Opera started out in the mid-80s as the genius emerging from an outfit called Vector Fields, which was acquired not so long ago by Cobham Technical Services in the UK, a company that specializes in electromagnetic analysis and design software. Today the combined entity is known as Cobham Technical Services - Vector Fields Software.
Anyway, the skinny on Opera is that it’s a general-purpose finite element system for designing, simulating, and optimizing electromagnetic devices ranging from low-frequency motors to plasma devices and transformers to superconducting magnets. You can work in 2D and in 3D. It supports multiple physics analyses, such as thermal and stress. It can handle permanent magnet magnetization / demagnetization, hysteresis in soft magnetic materials, and linear and rotating machinery designs. You can import CAD files or you can use it to design your model. Meshing is automatic.
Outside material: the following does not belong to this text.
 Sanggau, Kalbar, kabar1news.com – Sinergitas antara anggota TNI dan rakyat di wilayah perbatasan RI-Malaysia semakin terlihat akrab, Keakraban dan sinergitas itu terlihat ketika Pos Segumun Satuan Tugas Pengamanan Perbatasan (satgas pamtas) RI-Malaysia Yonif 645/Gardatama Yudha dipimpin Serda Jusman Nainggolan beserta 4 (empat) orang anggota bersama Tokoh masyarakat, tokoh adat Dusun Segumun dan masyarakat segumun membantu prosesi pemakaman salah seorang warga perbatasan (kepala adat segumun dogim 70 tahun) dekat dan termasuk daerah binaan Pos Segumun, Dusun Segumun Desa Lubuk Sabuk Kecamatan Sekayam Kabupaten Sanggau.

Opera seems to be engineered so that both the FEA novice and the old pro can use it, meaning that efficiency is a key part of its operating philosophy.
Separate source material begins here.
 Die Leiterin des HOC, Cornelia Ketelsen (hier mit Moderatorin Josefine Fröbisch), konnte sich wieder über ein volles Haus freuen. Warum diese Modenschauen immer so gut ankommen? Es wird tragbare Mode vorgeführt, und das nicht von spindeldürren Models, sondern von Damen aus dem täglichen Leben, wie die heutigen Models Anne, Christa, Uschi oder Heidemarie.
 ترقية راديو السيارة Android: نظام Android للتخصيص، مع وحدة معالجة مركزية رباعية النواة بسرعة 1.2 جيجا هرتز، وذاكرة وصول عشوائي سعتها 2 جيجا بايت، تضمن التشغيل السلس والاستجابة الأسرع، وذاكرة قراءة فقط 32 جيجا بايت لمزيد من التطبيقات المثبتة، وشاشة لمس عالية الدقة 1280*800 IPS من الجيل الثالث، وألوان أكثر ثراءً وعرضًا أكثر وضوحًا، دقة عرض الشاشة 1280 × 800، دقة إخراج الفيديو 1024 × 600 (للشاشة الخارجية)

All that is fine and dandy, I hear you mutter, while asking “so, what’s in Opera for me?” Well, that’s what the pair of on-demand webinars in today’s Check It Out could answer for you. Neither is really a demo. (The company will be happy to arrange a full-blown demo for you.) Rather, they are overviews of the capabilities that Opera brings to your toolkit, with one webinar more tightly focused than the other.
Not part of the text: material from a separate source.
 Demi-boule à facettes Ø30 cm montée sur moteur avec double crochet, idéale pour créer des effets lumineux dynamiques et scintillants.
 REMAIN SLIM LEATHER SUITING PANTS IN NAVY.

The first video, “Introduction to Rotating Electrical Machine Design Using Opera,” is the more basic of the two, so definitely watch this one first if this is all new to you. It starts at the fundamental FEA level in an electromagnetic / electromechanical sense—say defining geometry, meshing, and material properties. It then gets increasingly detailed on the abilities Opera brings to designing and analyzing rotating electrical machines.
The second video, “Multiphysics Simulation in Opera,” is more narrowly focused, but it will not be all Greek to the uninitiated in the topic. It looks at Opera’s ability to couple its electromagnetic analysis and thermal and stress solutions, enabling you to analyze things like electric motors, magnets, and electron beam devices. Like the first webinar, the capabilities of the software are discussed and explained rather than a full-blown demo presented.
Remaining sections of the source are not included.